What is expected = Where the data below begins, start retyping exactly, and end on the line with "Povrće treba da", which is included; no picture goes in.

[Collection entries]
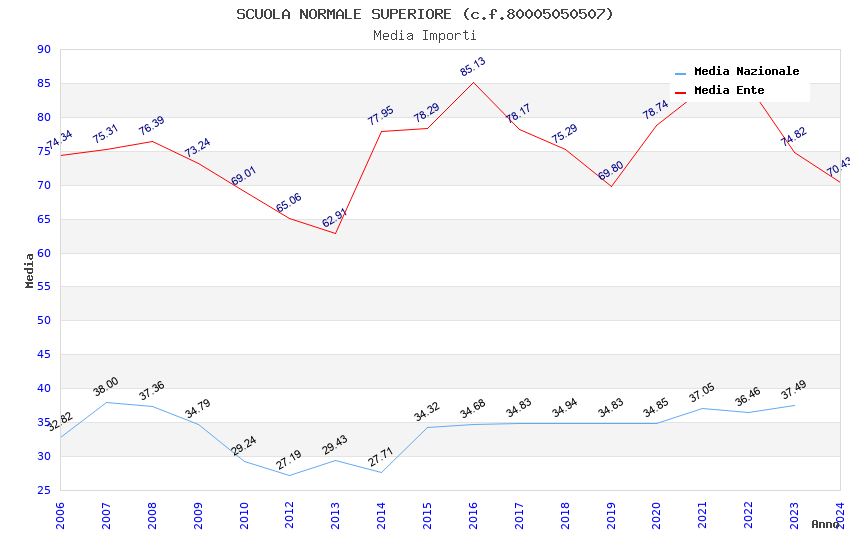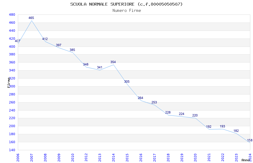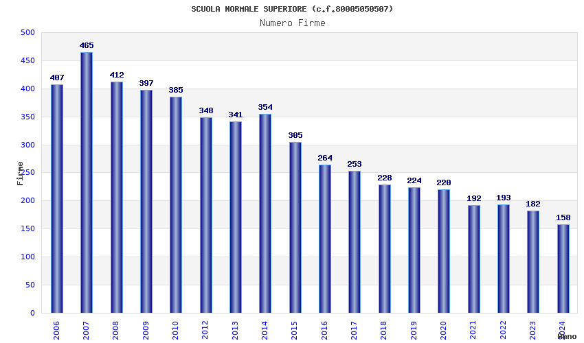 | Anno | Firme | Importi | Media | Naz. | Reg. | Prov. | Comu. |
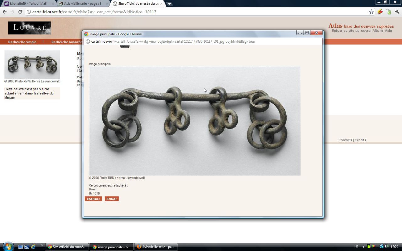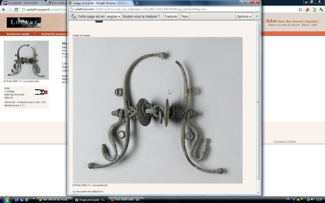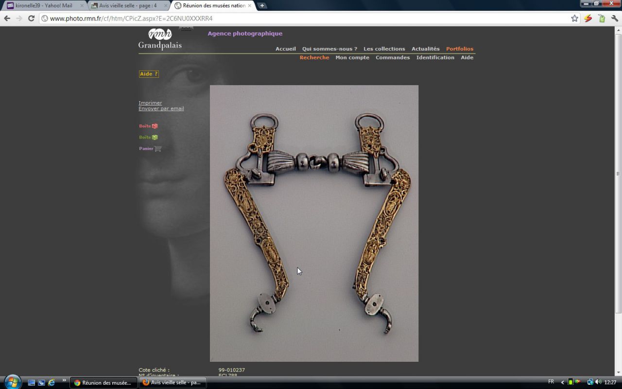 | Dire merci | Arrêtes tu t'emballes!!!!!! Je sors du site et je me suis tapée les 45 pages ![]() Magnifiques représentations en tous cas Sur ce que j'ai vue, ça a bien l'air du Napoleon III ... La description du mors c'est: Branches en forme de S a la Condé,embouchure a pas d'âne et 6 annelets... 19ème Siècle ![]() Un collectionneur voulait me l'acheter a 600€ un jour...C'est là que je me suis dit qu'il était ancien. J'ai vue le même mais mors droit a 300€ aux enchères une fois... |
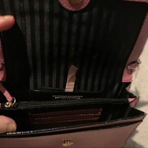 Front snap closure. inside middle zipper pocket and 3 cards holder slots. slip pockets at back and front
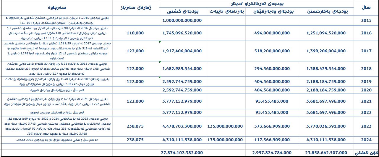 تێبینی1: ساڵی 2020 و 2022 عێراق بودجەی گشتی ساڵانەی نەبووە، لەم شیکارییەدا وادانراوە کە ژمارەی هێزەکان و بڕی پارەی تەرخانکراو وەک ساڵی پێش خۆی بووبێت.
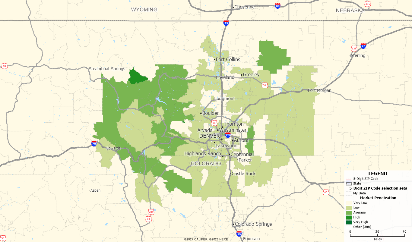 - Create subsets of your ZIP codes based on their market penetration by going to Selection > Select by Theme
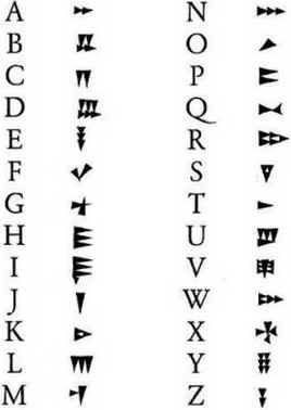 O alfabeto cuneiforme utilizado para escrever nossas prateleiras:
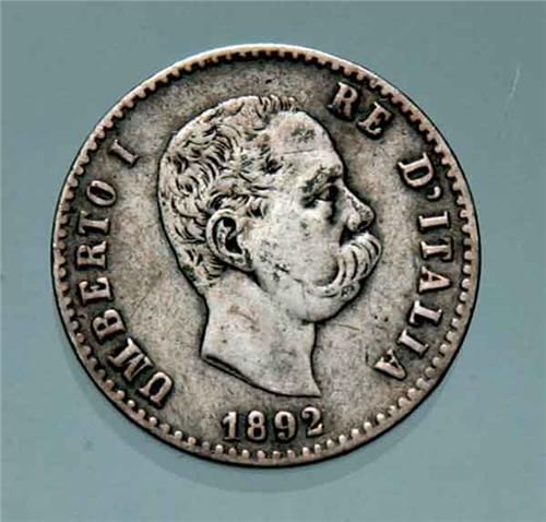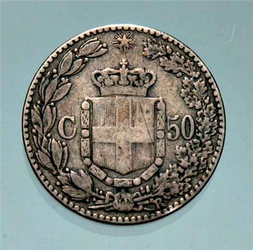 Italy - Umberto I - 50 c. 1892 - Ag - 50 Centesimi 1892 Zecca: Roma - Diritto: effigie del Re a destra - Rovescio: stemma di Casa Savoia coronato e circondato dal Collare dell'Annunziata entro due rami di alloro e di quercia intrecciati alla base -
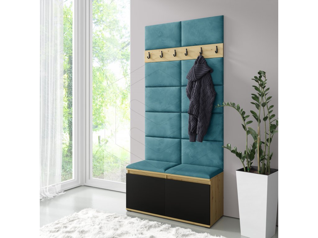 Předsíňová čalouněná stěna DAORI 1 - Dub Artisan s černou/Azurová 2313
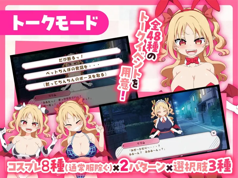 Evening. You, a tired salaryman, are on your way home from work when you bump into Lilim (CV: Gemiko Yamada), a succubus who has just arrived from another world.
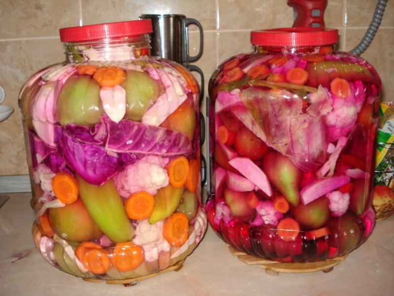Povrće treba da napuni najviše 2/3 konzerve. Dodajte 1 kašiku krupne soli, šolja surutke i deo vode dok se tegla ne napuni. Na to stavite mali tanjir ili drugu presu tako da je sve povrće potopljeno u tečnost. Ostavite da fermentira 1-2 nedelje na sobnoj temperaturi, a zatim povrće prebacite u frižider.
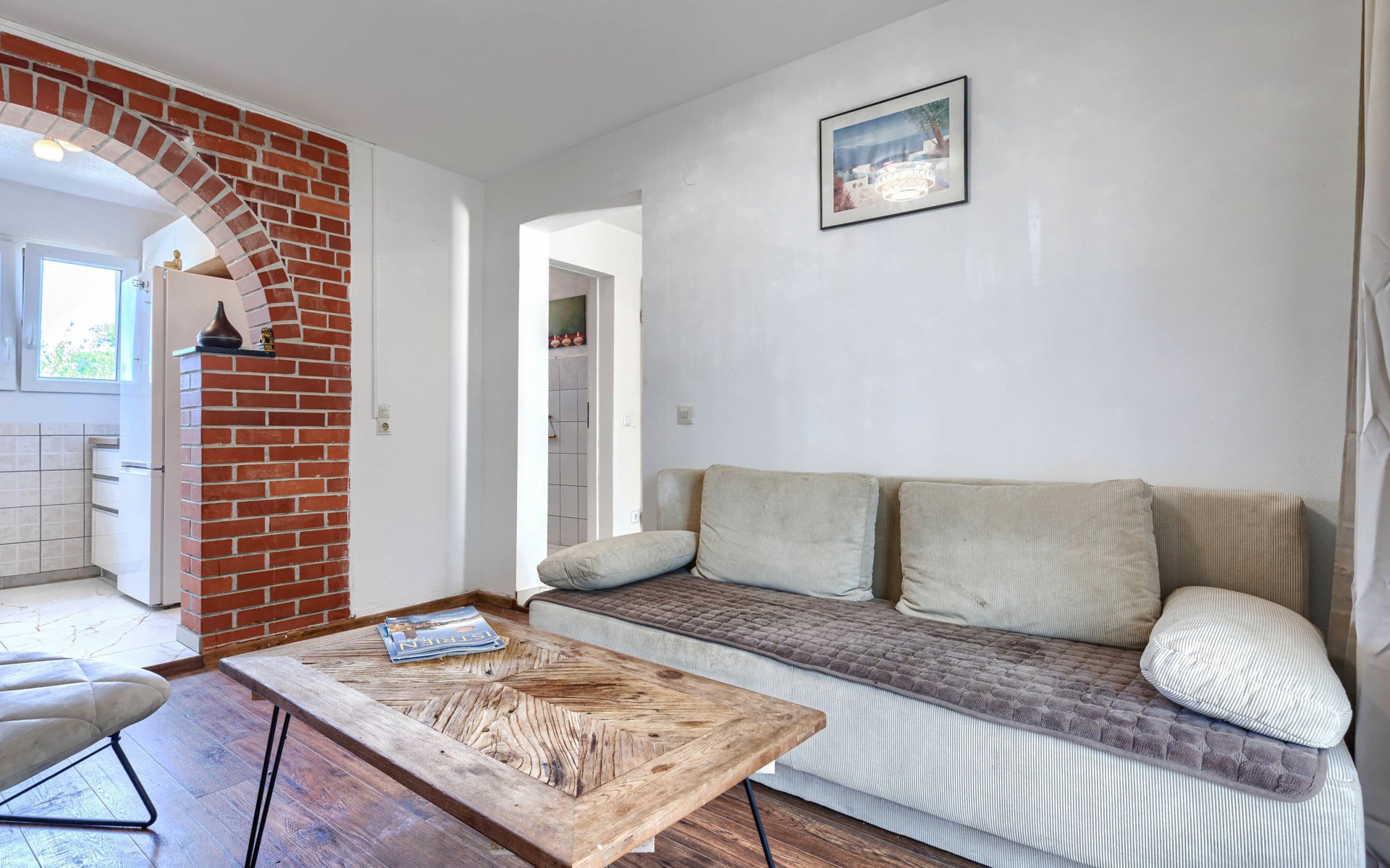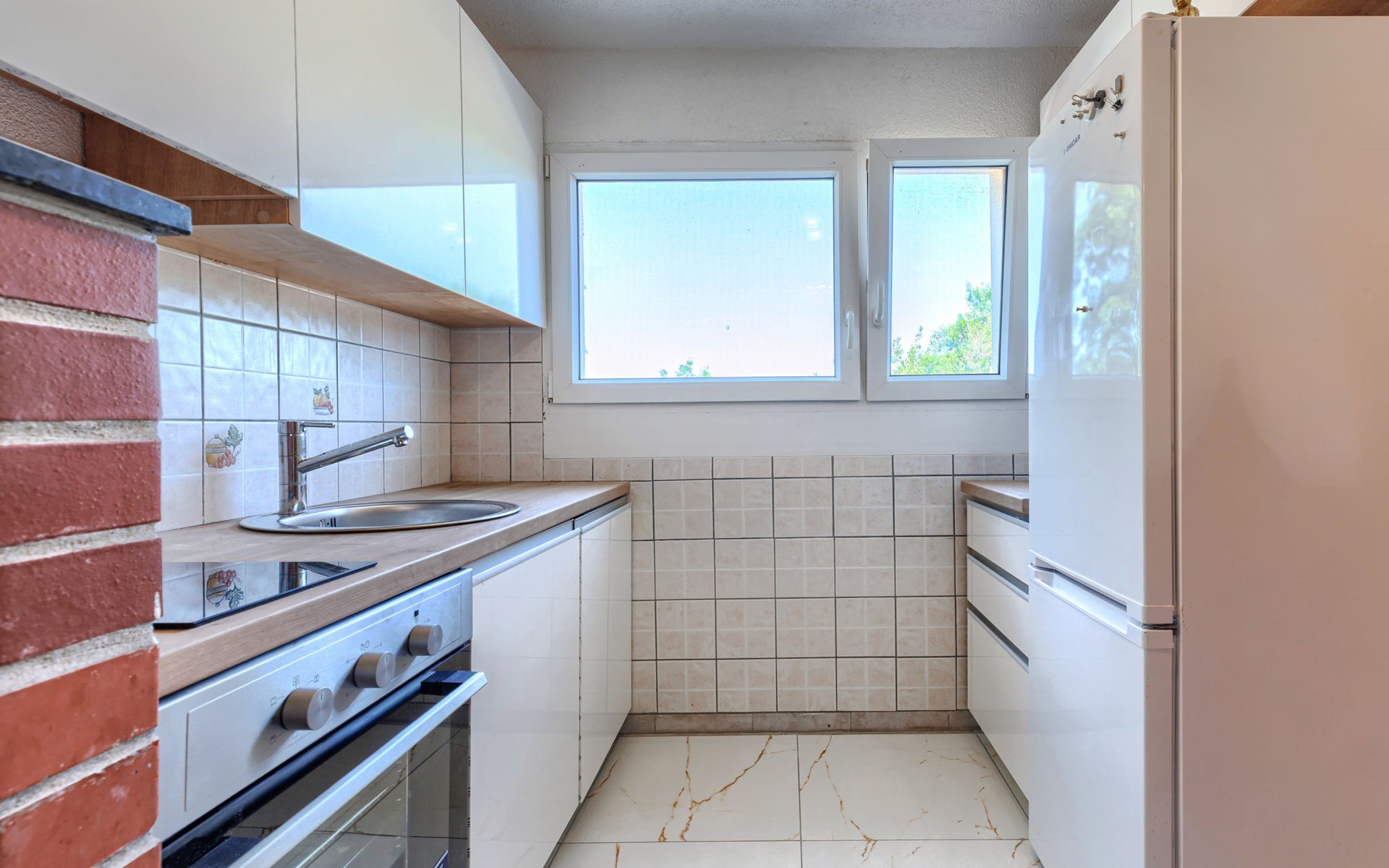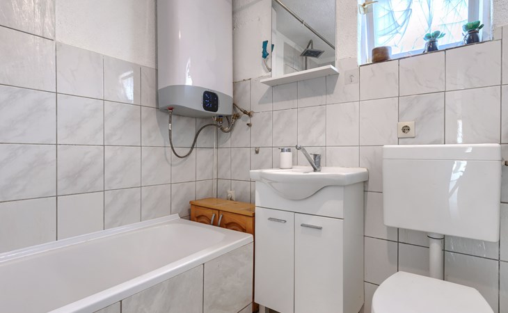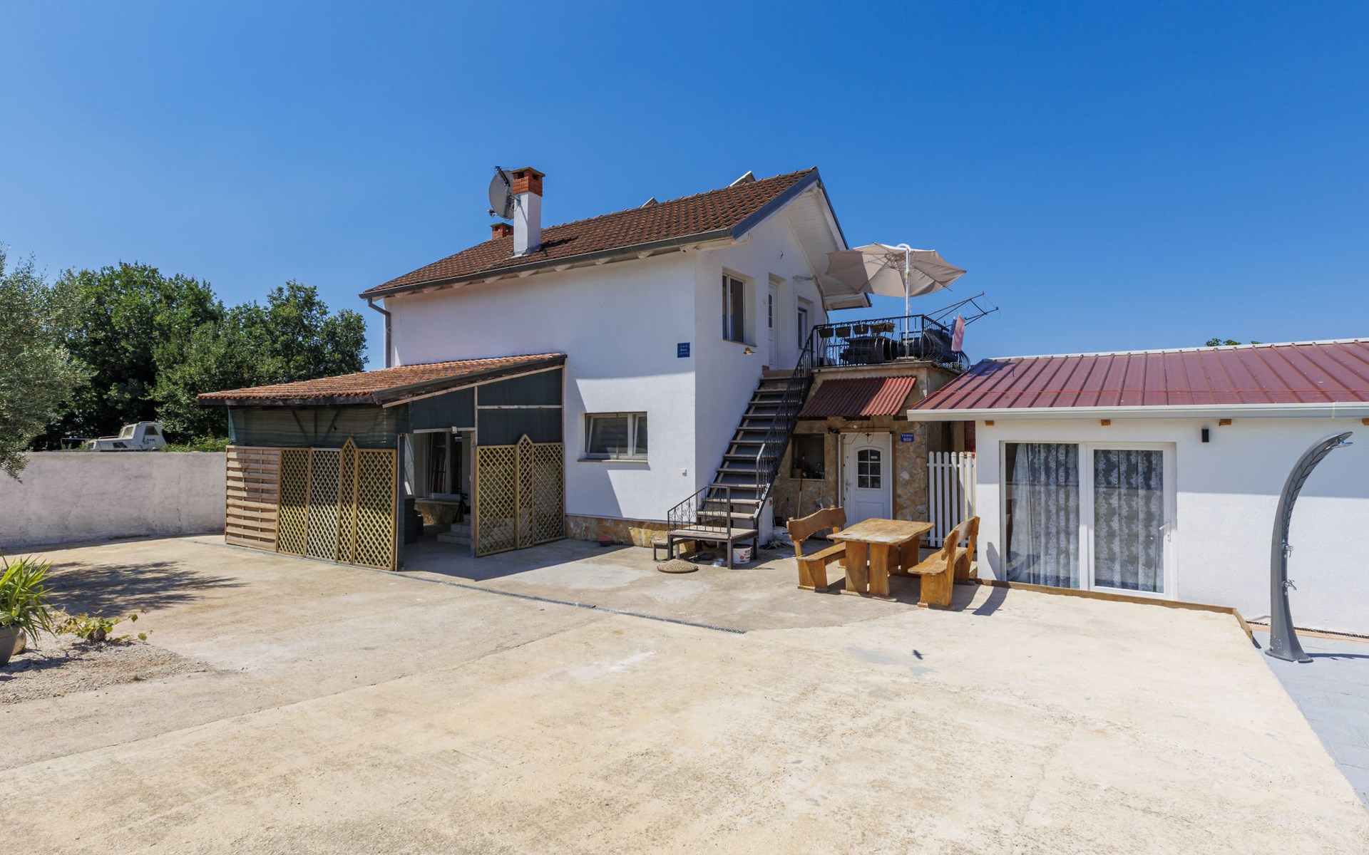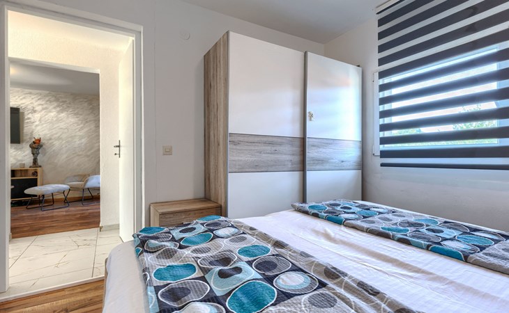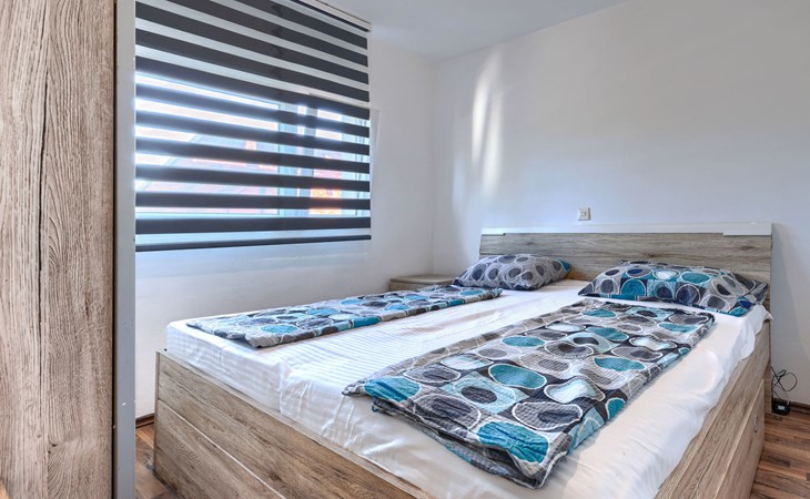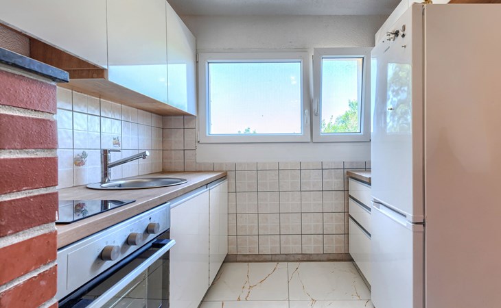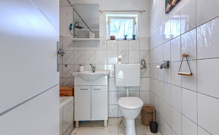 2-family house "Sabo". 1.7 km from the centre of Peroj, 3 km from the centre of Fažana, 8 km from the centre of Vodnjan, in a sunny position, 300 m from the sea, 300 m from the beach. For shared use: property 150 m2 (fenced), swimming pool angular (5 x 3 m, depth 140 cm, seasonal availability: 01.Apr. - 01.Nov.) with internal staircase. Outdoor shower. In the house: internet access. Motor access (500 m via unmade road). Parking at the house on the premises. Shop 1 km, supermarket 3 km, restaurant 1.5 km, bus stop 900 m, pebble beach 1 km, rocky beach 300 m. Please note: the owner lives on the same property. The owner has a dog.

Response to the exercise =
 | Anno | Firme | Importi | Media | Naz. | Reg. | Prov. | Comu. |
 | Dire merci | Arrêtes tu t'emballes!!!!!! Je sors du site et je me suis tapée les 45 pages ![]() Magnifiques représentations en tous cas Sur ce que j'ai vue, ça a bien l'air du Napoleon III ... La description du mors c'est: Branches en forme de S a la Condé,embouchure a pas d'âne et 6 annelets... 19ème Siècle ![]() Un collectionneur voulait me l'acheter a 600€ un jour...C'est là que je me suis dit qu'il était ancien. J'ai vue le même mais mors droit a 300€ aux enchères une fois... |
 Front snap closure. inside middle zipper pocket and 3 cards holder slots. slip pockets at back and front
 تێبینی1: ساڵی 2020 و 2022 عێراق بودجەی گشتی ساڵانەی نەبووە، لەم شیکارییەدا وادانراوە کە ژمارەی هێزەکان و بڕی پارەی تەرخانکراو وەک ساڵی پێش خۆی بووبێت.
 - Create subsets of your ZIP codes based on their market penetration by going to Selection > Select by Theme
 O alfabeto cuneiforme utilizado para escrever nossas prateleiras:
 Italy - Umberto I - 50 c. 1892 - Ag - 50 Centesimi 1892 Zecca: Roma - Diritto: effigie del Re a destra - Rovescio: stemma di Casa Savoia coronato e circondato dal Collare dell'Annunziata entro due rami di alloro e di quercia intrecciati alla base -
 Předsíňová čalouněná stěna DAORI 1 - Dub Artisan s černou/Azurová 2313
 Evening. You, a tired salaryman, are on your way home from work when you bump into Lilim (CV: Gemiko Yamada), a succubus who has just arrived from another world.
Povrće treba da napuni najviše 2/3 konzerve. Dodajte 1 kašiku krupne soli, šolja surutke i deo vode dok se tegla ne napuni. Na to stavite mali tanjir ili drugu presu tako da je sve povrće potopljeno u tečnost. Ostavite da fermentira 1-2 nedelje na sobnoj temperaturi, a zatim povrće prebacite u frižider.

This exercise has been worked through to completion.